St. Paul Island, Alaska, is famous for its late-surviving population of woolly mammoth. The puzzle of mid-Holocene extinction is solved via multiple independent paleoenvironmental proxies that tightly constrain the timing of extinction to 5,600 ± 100 y ago and strongly point to the effects of sea-level rise and drier climates on freshwater scarcity as the primary extinction driver. Likely ecosystem effects of the mega-herbivore extinction include reduced rates of watershed erosion by elimination of crowding around water holes and a vegetation shift toward increased abundances of herbaceous taxa. Freshwater availability may be an underappreciated driver of island extinction.
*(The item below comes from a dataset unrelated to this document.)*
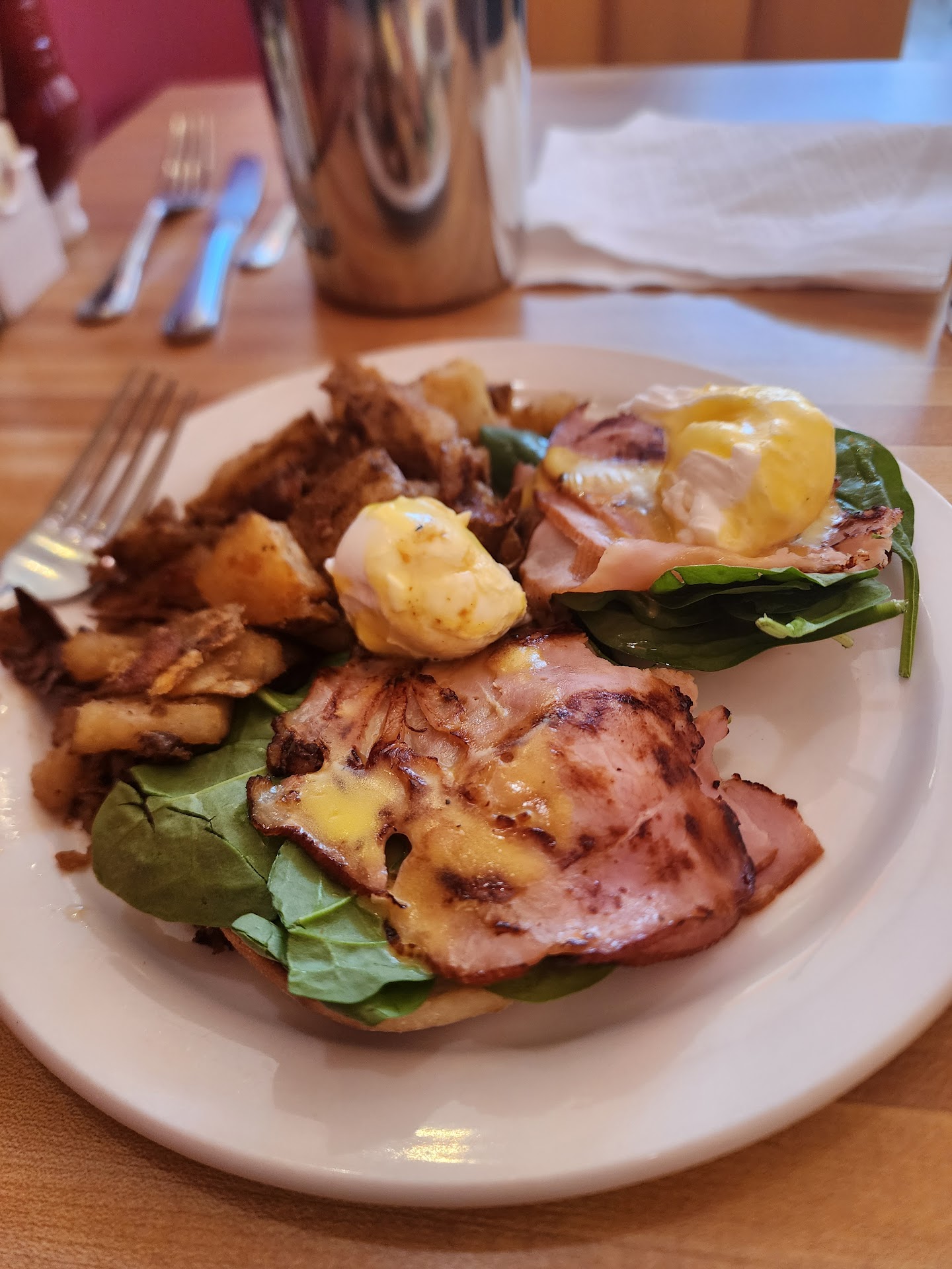 The veggie benedict was cold with just a hint of hollandaise and very untoasted english muffin. The very small serving of breakfast potatoes that was unevenly cooked; some were raw and others were so over cooked it was on the side of burned due to the uneven sizes.

This study reinforces 21st-century concerns about the vulnerability of island populations, including humans, to future warming, freshwater availability, and sea level rise.

Abstract

Relict woolly mammoth (Mammuthus primigenius) populations survived on several small Beringian islands for thousands of years after mainland populations went extinct. Here we present multiproxy paleoenvironmental records to investigate the timing, causes, and consequences of mammoth disappearance from St. Paul Island, Alaska. Five independent indicators of extinction show that mammoths survived on St. Paul until 5,600 ± 100 y ago. Vegetation composition remained stable during the extinction window, and there is no evidence of human presence on the island before 1787 CE, suggesting that these factors were not extinction drivers. Instead, the extinction coincided with declining freshwater resources and drier climates between 7,850 and 5,600 y ago, as inferred from sedimentary magnetic susceptibility, oxygen isotopes, and diatom and cladoceran assemblages in a sediment core from a freshwater lake on the island, and stable nitrogen isotopes from mammoth remains. Contrary to other extinction models for the St. Paul mammoth population, this evidence indicates that this mammoth population died out because of the synergistic effects of shrinking island area and freshwater scarcity caused by rising sea levels and regional climate change. Degradation of water quality by intensified mammoth activity around the lake likely exacerbated the situation. The St. Paul mammoth demise is now one of the best-dated prehistoric extinctions, highlighting freshwater limitation as an overlooked extinction driver and underscoring the vulnerability of small island populations to environmental change, even in the absence of human influence.

  • mammoth
  • extinction
  • Holocene
  • St. Paul Island
  • ancient DNA

Footnotes

  • ↵1To whom correspondence should be addressed. Email: rgraham{at}ems.psu.edu.
  • Author contributions: Proxy analyses were conducted by R.W.G. (mammoth paleobiology), S.B. (14C dates and age model), K.C. (stable isotopes and geochemistry), B.J.C. (14C dates and age model), L.J.D., D.F. (tephra), P.D.H., J.D.K. (sedaDNA), L.A.N. (plant macrofossils), R.R. (cladocerans), É.S.T. (diatoms), B.S. (sedaDNA), Y.W., J.W.W. (pollen and spores), and M.J.W. (stable isotopes and geochemistry); K.C., L.J.D., D.F., P.D.H., L.A.N., B.S., Y.W., J.W.W., and M.J.W. conducted fieldwork, led by R.W.G. and S.B.; K.C. and M.J.W. led paleoenvironmental interpretations; Y.W. conducted statistical analyses; S.B. created core stratigraphy, led sampling strategy, and coordinated data acquisition; R.W.G. coordinated project; C.H. built GIS model of St. Paul Island area; and all authors contributed to manuscript writing, led by R.W.G., P.D.H., and J.W.W.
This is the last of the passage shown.